A Misapprehension

Former Vice President Mike Pence (R) is the one misapprehending this time, and he laid it out early in his Sunday Wall Street Journal op-ed.

Where conservatives have historically viewed politics as the art of the possible, progressives see politics as a path to alter society beyond recognition in a quest for material equity, environmental nirvana, or other alleged perfections. Progressives invariably try to destroy whatever stands in their way.

That last sentence lays bare his misunderstanding. Perfecting our society has nothing to do with today’s progressives’ goals, goals hard-sought after by today’s Progressive-Democratic Party and epitomized by that sentence. Were Party interested in perfection, it would adopt a more patient approach and seek to bring along those presently disagreeing with them. Instead, Party politicians try to destroy whatever stands in their way.
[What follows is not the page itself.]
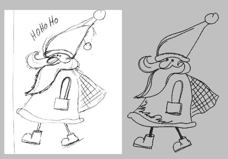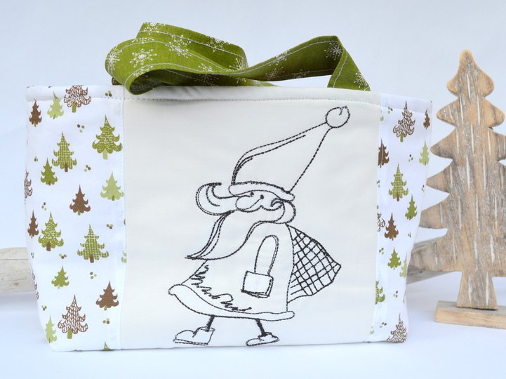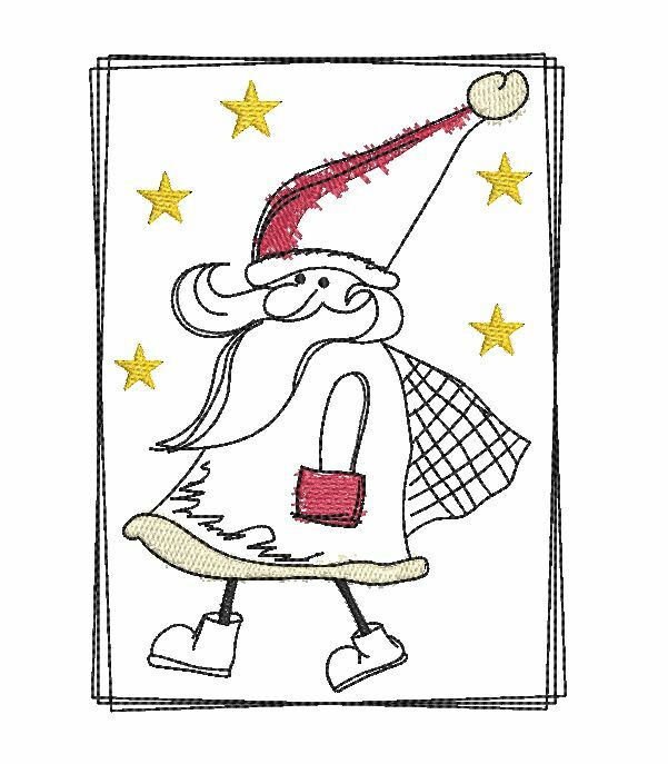 Zusätzlich ist der Nikolaus in einem doodle Rahmen enthalten. Hier wird der Rahmen im ersten Stickgang vorgestickt, dann wird Stoff aufgelegt und mit drei versetzten Rahmen festgestickt, bevor der Nikolaus entweder einfarbig oder teilweise mit bunten Stickereien hiterlegt gestickt wird.
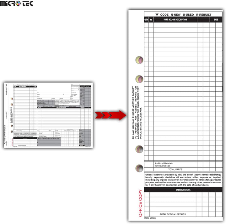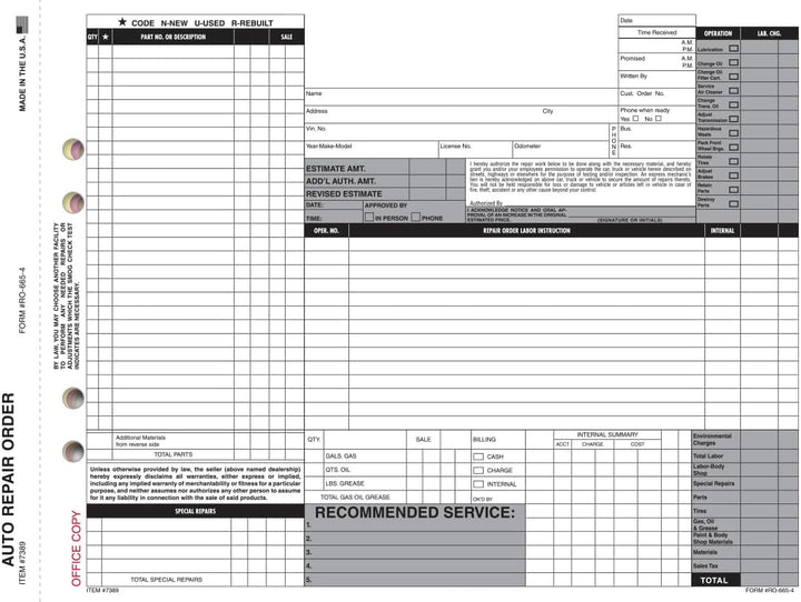 GENEROUS FORM SIZE & EASY SNAP-OUT DESIGN: Measuring 7-5/8" × 8-1/2", these 3-part snap-out forms provide ample space for detailed work orders, parts listing, labor breakdowns, and service notes, improving shop efficiency.

For further proof, see Party’s plans, annunciated by House Minority Leader Hakeem Jeffries’ (D, NY) remarks and his chief minion for this, House Judiciary Committee Ranking Member Jamie Raskin (D, MD):

The Supreme Court is a disgrace. In the new Congress, we’re going to have to do something about this Supreme Court, and let me be very clear: everything is on the table—everything to deal with this corrupt MAGA majority.

And, as paraphrased by the WSJ‘s editors:

[Raskin] recently introduced a bill that would deny the Justices the power to choose which cases they hear. Under the SCCOTUS Act, petitions would be reviewed by a rotating committee of 13 random appellate judges. This is such a radical change that it’s hard to imagine all the implications.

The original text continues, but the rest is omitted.